The adhesiveness was measured by peeling from a base material based on JISK-5600-5-6 using the test piece for evaluation (substrate: glass plate, stainless steel plate) produced in said (1). Moreover, it evaluated based on the following criteria according to the classification prescribed | regulated in "the classification of the Table 1 test result" described in 8.3 of JISK5600-5-6.

(Double-circle): It was "0" of classification of the test result.

(Circle): It was "1" of classification of the test result.

(Triangle | delta): It was "2" of the classification of the test result.

X: It was "3" and "4" of classification of the test result.

(4) solvent resistance

Isopropyl alcohol (IPA), methyl ethyl ketone (MEK), and N-methylpyrrolidone (NMP) were respectively dripped at the test piece for evaluation produced by the glass plate in the Example and the comparative example, and it was left to stand for 10 minutes. After that, it was washed with water, and the place where the solvent was dripped did not change at all. ◎, traces of the solvent remained, but wiped off. ○, traces of the solvent remained. . The same result was obtained also when the test piece for evaluation made from the stainless plate was used.

The results of the evaluation test are shown in Table 1 below. In addition, the unit of a numerical value in Table 1 represents a weight part.

The abbreviation of a solvent in Table 1 shows the following.

DMM: dipropylene glycol dimethyl ether

DPMNP: dipropylene glycol methyl n-propyl ether

MMPGAC: Propylene Glycol Monomethyl Ether Acetate

EGA: ethylene glycol monoethyl ether acetate

As is clear from the table, the curable resin composition of the Example and the cured coating film obtained from this resin composition were excellent also in any of stability, board | substrate adhesiveness, and solvent resistance. On the other hand, the curable resin composition of the comparative example and the cured coating film obtained from this resin composition were inferior in the aspect of stability and adhesiveness.

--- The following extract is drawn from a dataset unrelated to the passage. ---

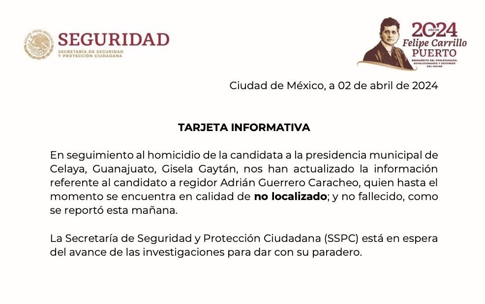 Sin embargo, tarde de este 2 de abril, la SSPC, informó que Guerrero Caracheo se encontraba en calidad de “no localizado”.

According to the present invention, while solving the problem of safety of the solvent used, not only the resin solubility, the stability of the composition and the coating property are excellent, but also various physical properties such as sensitivity, developability, and pattern characteristics to be formed when used as a resist material. Excellent curable resin composition is obtained. Since the coating film obtained by hardening this curable resin composition is excellent in various physical properties, such as film thickness uniformity, adhesiveness with respect to a board | substrate, and solvent resistance, it can be used as a coating material, a coating agent, an adhesive agent, etc. other than a resist material, Especially an electronic material It can be used preferably in the field.

Claims (5)

A copolymer comprising a monomer unit corresponding to (A) an alicyclic epoxy group-containing polymerizable unsaturated compound and (B) a monomer unit containing an alkali-soluble group, and dipropylene glycol dimethyl ether containing 30 to 100% by mass in all solvents. Curable resin composition characterized by including a solvent. The polymerizable unsaturated compound containing (A) an alicyclic epoxy group is selected from the group consisting of 3,4-epoxycyclohexylmethyl (meth) acrylate and 3,4-epoxytricyclo [5.2.1.0 ^2,6 ] decane-8. Or at least one compound selected from 9-yl (meth) acrylates. The curable resin composition of Claim 1 or 2 in which the said copolymer further contains the monomeric unit corresponding to the (C) epoxy group-containing alicyclic polymerizable unsaturated compound. (1) Process of manufacturing a copolymer using the solvent containing dipropylene glycol dimethyl ether as a polymerization solvent, or (2) Solvent-exchanging the solvent of a copolymer with the solvent containing dipropylene glycol dimethyl ether. The manufacturing method of curable resin composition of any one of Claims 1-3 characterized by including. Hardened | cured material obtained by hardening | curing curable resin composition of any one of Claims 1-3.